Supplied records
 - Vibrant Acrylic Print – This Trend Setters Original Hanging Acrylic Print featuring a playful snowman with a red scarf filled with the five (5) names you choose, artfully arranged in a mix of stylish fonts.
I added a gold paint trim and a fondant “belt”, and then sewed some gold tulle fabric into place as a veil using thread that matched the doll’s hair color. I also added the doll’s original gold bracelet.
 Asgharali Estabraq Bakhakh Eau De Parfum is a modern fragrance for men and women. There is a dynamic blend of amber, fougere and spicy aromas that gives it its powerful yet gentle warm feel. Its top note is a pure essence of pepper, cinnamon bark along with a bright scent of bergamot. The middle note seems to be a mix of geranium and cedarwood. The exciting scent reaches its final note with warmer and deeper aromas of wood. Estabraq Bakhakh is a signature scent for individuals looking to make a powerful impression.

* * *

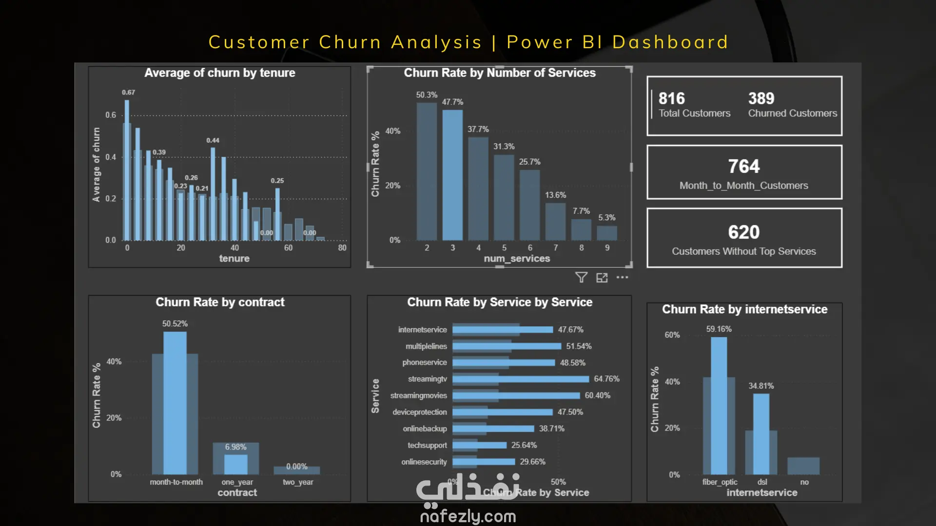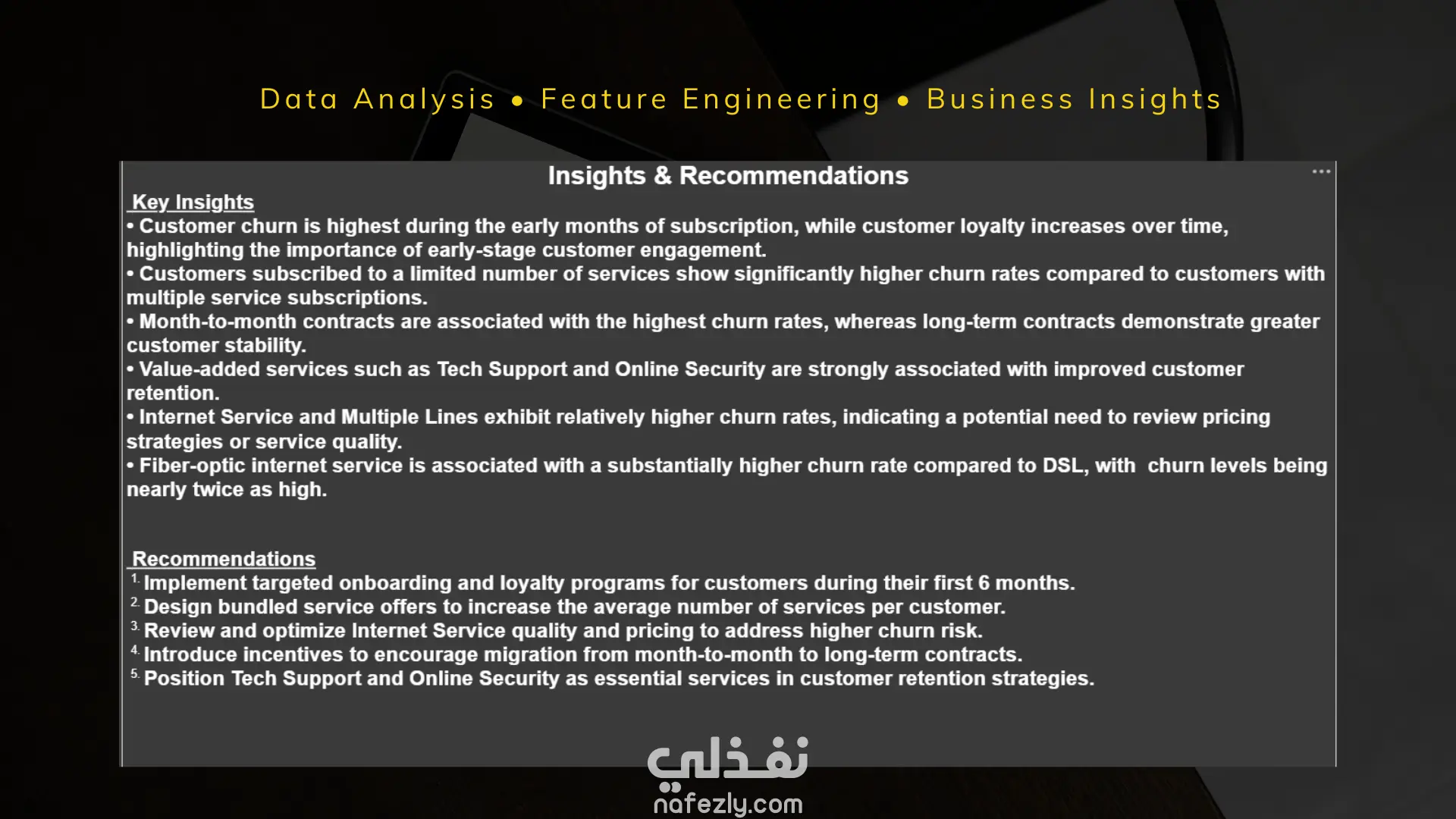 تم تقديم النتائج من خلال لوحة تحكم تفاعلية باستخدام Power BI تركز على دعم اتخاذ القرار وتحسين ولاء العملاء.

Problem statement
Please output exactly the lines between the one holding "- Vibrant Acrylic" and the one holding "Asgharali Estabraq Bakhakh" in the records above, inclusive, and nothing more.

Answer to this exercise
 - Vibrant Acrylic Print – This Trend Setters Original Hanging Acrylic Print featuring a playful snowman with a red scarf filled with the five (5) names you choose, artfully arranged in a mix of stylish fonts.
I added a gold paint trim and a fondant “belt”, and then sewed some gold tulle fabric into place as a veil using thread that matched the doll’s hair color. I also added the doll’s original gold bracelet.
 Asgharali Estabraq Bakhakh Eau De Parfum is a modern fragrance for men and women. There is a dynamic blend of amber, fougere and spicy aromas that gives it its powerful yet gentle warm feel. Its top note is a pure essence of pepper, cinnamon bark along with a bright scent of bergamot. The middle note seems to be a mix of geranium and cedarwood. The exciting scent reaches its final note with warmer and deeper aromas of wood. Estabraq Bakhakh is a signature scent for individuals looking to make a powerful impression.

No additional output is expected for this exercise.